I have some simple data that I imported from the web that I was using to learn about the fread()
function. It imported fine, and I have a small, clean dataset on the populations of continents:
> continent_populations
Rank Continent Population_2010 Growth_Rate_Percent World_Pop_Percent
1: 1 Asia 4.581.757.408 1.04% 59.69%
2: 2 Africa 1.216.130.000 2.57% 16.36%
3: 3 Europe 738.849.000 0.08% 9.94%
4: 4 North America 579.024.000 0.96% 7.79%
5: 5 South America 422.535.000 1.04% 5.68%
6: 6 Oceania 38.304.000 1.47% 0.54%
7: 7 Antarctica 1.106 0 <0.01%
All of these variables are char
s, but I want to convert the Population_2010
, Growth_Rate_Percent
, and World_Pop_Percent
variables to numerics. I started simply by using transform()
:
transform(continent_populations, Population_2010 = as.numeric(Population_2010))

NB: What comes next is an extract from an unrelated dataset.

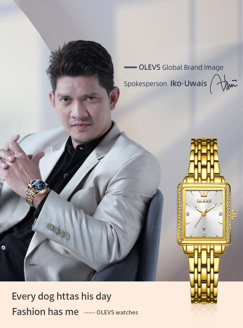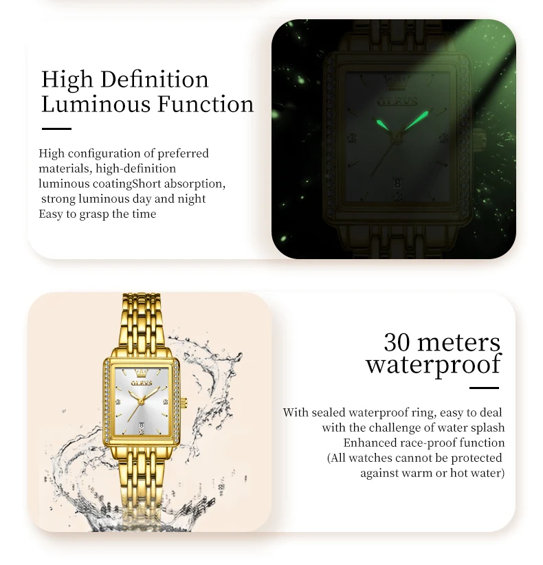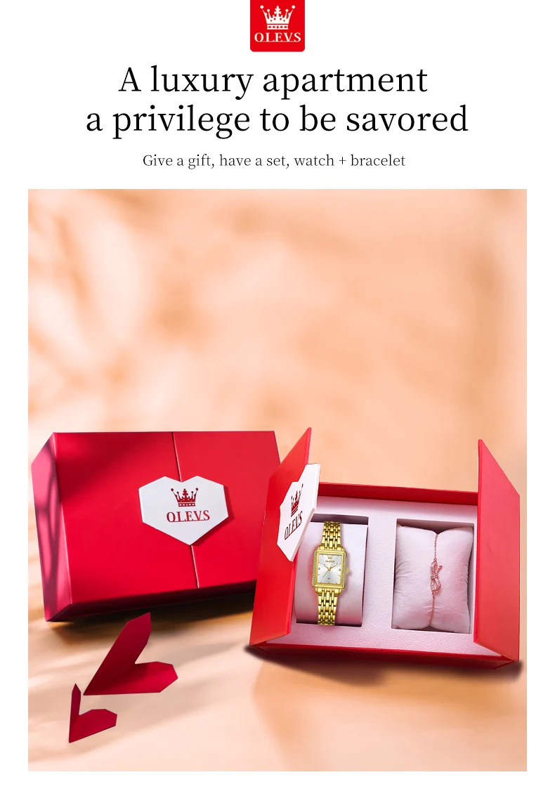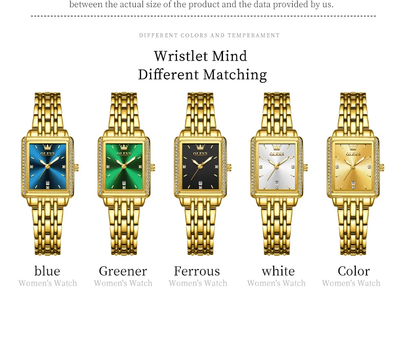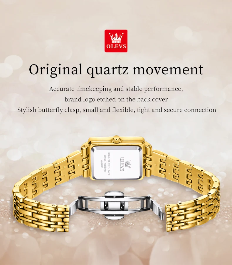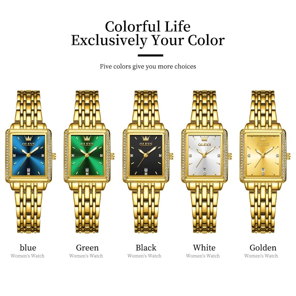 OLEVS Luxury Women's Quartz Watch Fashion Square Dial Solid Color Strap Top Quality Stainless Steel Waterproof Women's Watch

However, I get the warning that NA
values have been introduced; all of the values are now NA.
I read in this previous thread that, for my Population_2010
variable at least, having comma separators rather than periods might cause an error, so I swapped them for periods:
continent_populations$Population_2010 <- gsub(",", ".", continent_populations$Population_2010)
However, as.numeric()
still converts all the values to NA. For the other two variables, I assume that the percent signs will need to be removed. First and foremost, I'm just confused as to why the Population_2010
variable won't convert. I also tried the suggested as.numeric(as.character(var))
workaround, but this didn't work (and seemed pointless anyway, since it is already character type).
I want to know how to properly convert between types (not just here, but for use in proper datasets), so I need to know what is going wrong here. Thanks for any help.